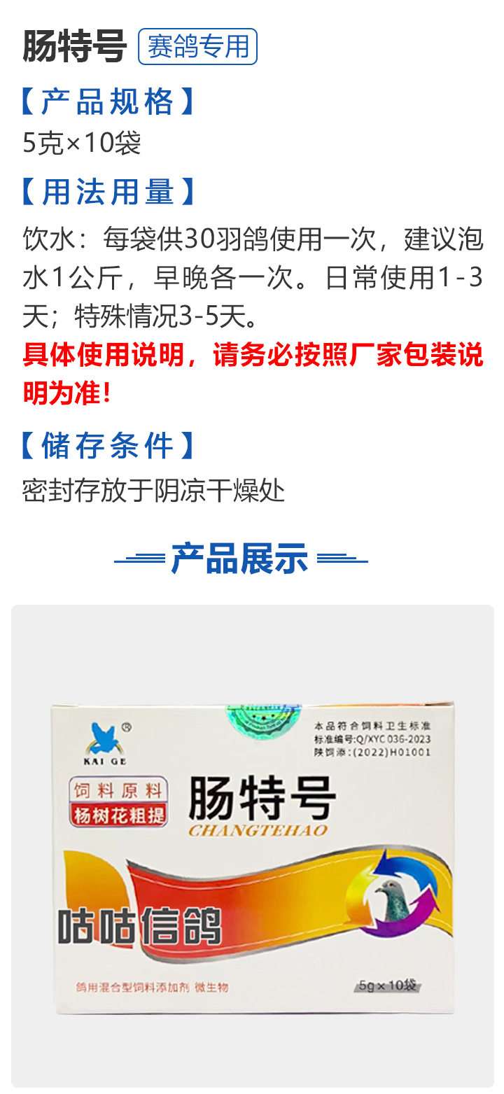 【西安凯鸽】肠特号(原肠道专家) 5克×10袋 调解肠胃抑毒杀菌/沙门氏大肠杆菌/平衡机体功能/活菌
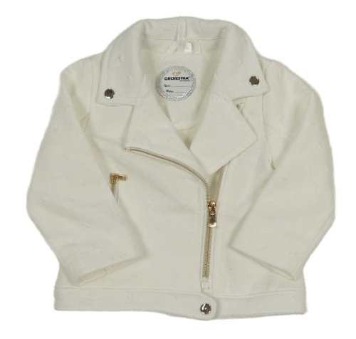 Biely vzorovaný zateplený krivák so srdiečkami a golierikom ORCHESTRA
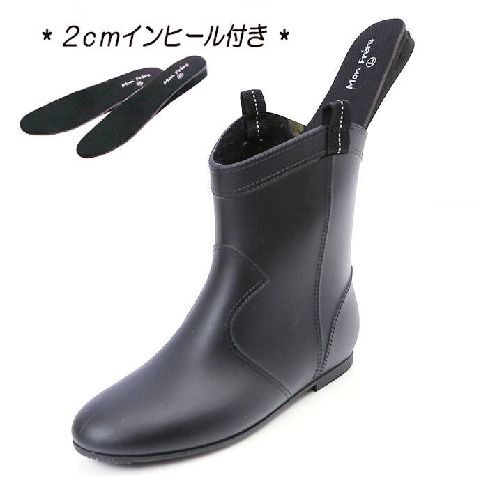 ・パッと見長靴には見えないお洒落な足元を演出しながら、2cmアップインヒール中敷き付きで脚長効果にも期待♪
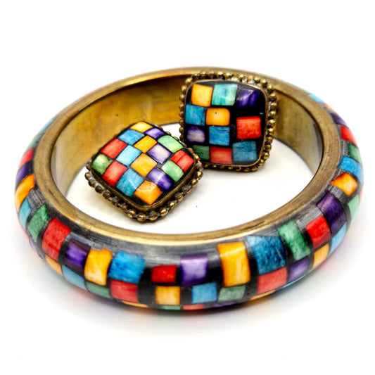 Vintage Multicolored Shell Mosaic, Black, Brass, Chunky Bangle Bracelet and Clip on Earrings Set
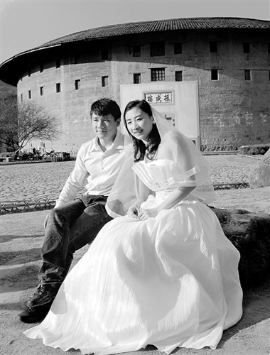 這張疑似婚紗照中,何雯娜身著白色婚紗,而陳一冰上身穿著淺色襯衫,下身的打扮卻很休閑,背景是振成樓。據(jù)何雯娜家人介紹,何雯娜全運會后利用假期回到龍巖,為永定拍了這組宣傳照,這也是何雯娜第二次為土樓做宣傳了!霸谂男麄髡掌陂g,何雯娜換穿了不止一套服裝,白色婚紗是最后一套。”何雯娜母親介紹說,“和陳一冰拍照是在拍攝結束后,并不是婚紗照!

■ DESCRIPTION OF THE TASK
Transcribe exactly the span of lines from the line holding "Biely vzorovaný zateplený" through the last line above, both included. Pictures stay out.

■ EXERCISE ANSWER
 Biely vzorovaný zateplený krivák so srdiečkami a golierikom ORCHESTRA
 ・パッと見長靴には見えないお洒落な足元を演出しながら、2cmアップインヒール中敷き付きで脚長効果にも期待♪
 Vintage Multicolored Shell Mosaic, Black, Brass, Chunky Bangle Bracelet and Clip on Earrings Set
 這張疑似婚紗照中,何雯娜身著白色婚紗,而陳一冰上身穿著淺色襯衫,下身的打扮卻很休閑,背景是振成樓。據(jù)何雯娜家人介紹,何雯娜全運會后利用假期回到龍巖,為永定拍了這組宣傳照,這也是何雯娜第二次為土樓做宣傳了!霸谂男麄髡掌陂g,何雯娜換穿了不止一套服裝,白色婚紗是最后一套。”何雯娜母親介紹說,“和陳一冰拍照是在拍攝結束后,并不是婚紗照!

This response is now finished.